• _Prompt_
Exact copy, no pictures: take the lines of the listing below from the first through the one containing "好 消 息2016-2018年度江苏省文明村镇、文明单位、文明校园候选名单公示".

• _Data excerpt_
◇ ◇ ◇ ◇ ◇ ◇ ◇
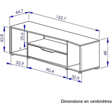 Meuble TV LINEAS - MÈlaminÈ chene - 2 portes + 1 tiroir + 1 niche - L180 x P44 x H55 cm
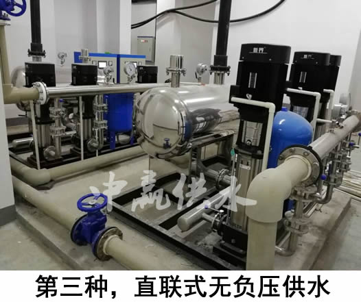 3、是采用無負壓的供水設備,直接從自來水管道加壓將水送至用戶家中。這種給水方式,沒有二次供水水箱,是目前為衛生的一種給水方式。
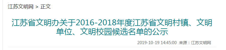 好 消 息2016-2018年度江苏省文明村镇、文明单位、文明校园候选名单公示
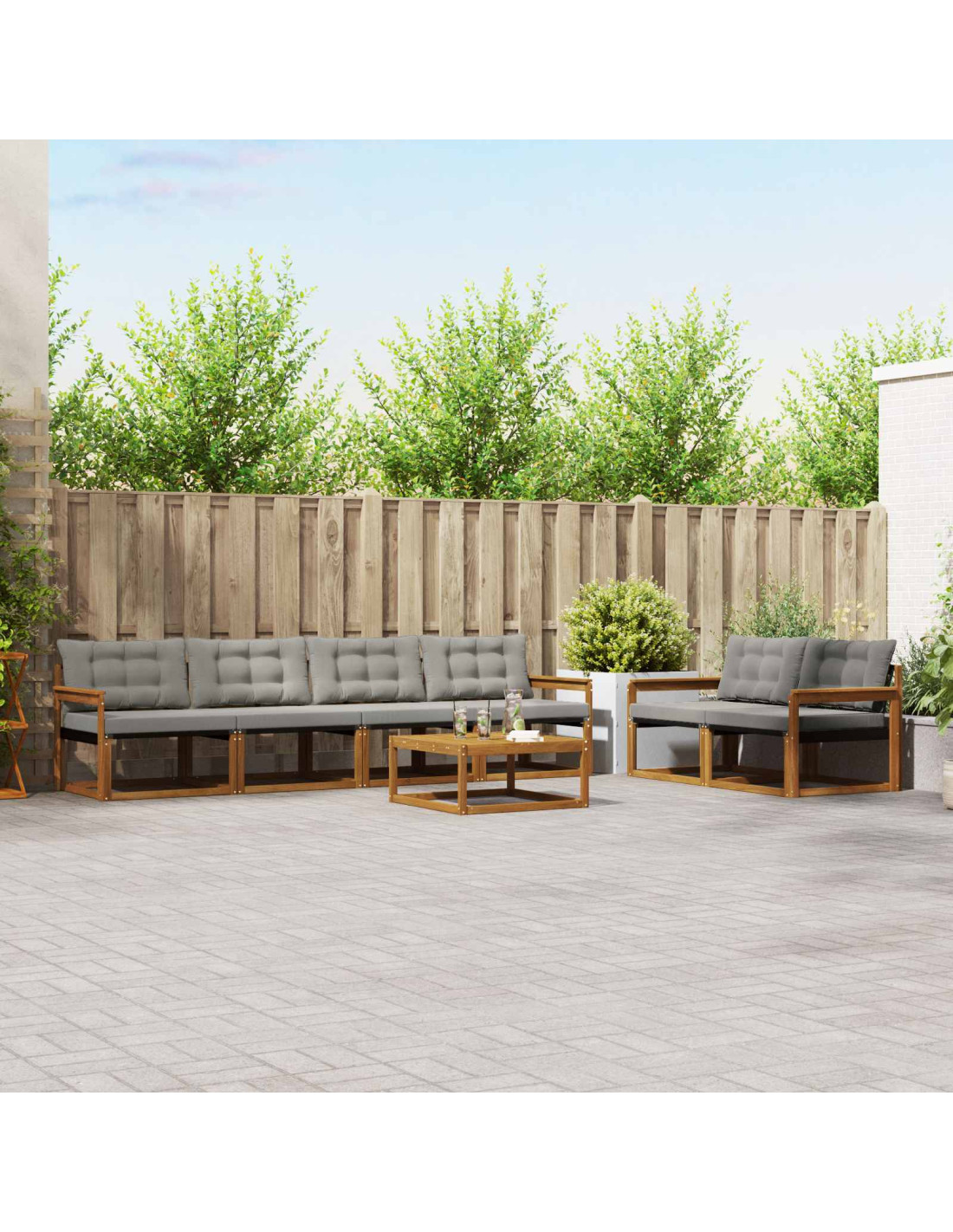 Il set di mobili da esterno unisce stile e funzionalità, diventando il pezzo principale per qualsiasi giardino o terrazza. Il design moderno, con linee pulite e minimalismo, offre eleganza mentre favorisce il relax e i momenti sociali all'aperto. Costruito in legno massello di acacia, assicura durata e un aspetto che dura nel tempo, rendendolo ideale per chi cerca sia praticità che bellezza nei mobili da esterno.
◇ ◇ ◇ ◇ ◇ ◇ ◇
• _Task answer_
 Meuble TV LINEAS - MÈlaminÈ chene - 2 portes + 1 tiroir + 1 niche - L180 x P44 x H55 cm
 3、是采用無負壓的供水設備,直接從自來水管道加壓將水送至用戶家中。這種給水方式,沒有二次供水水箱,是目前為衛生的一種給水方式。
 好 消 息2016-2018年度江苏省文明村镇、文明单位、文明校园候选名单公示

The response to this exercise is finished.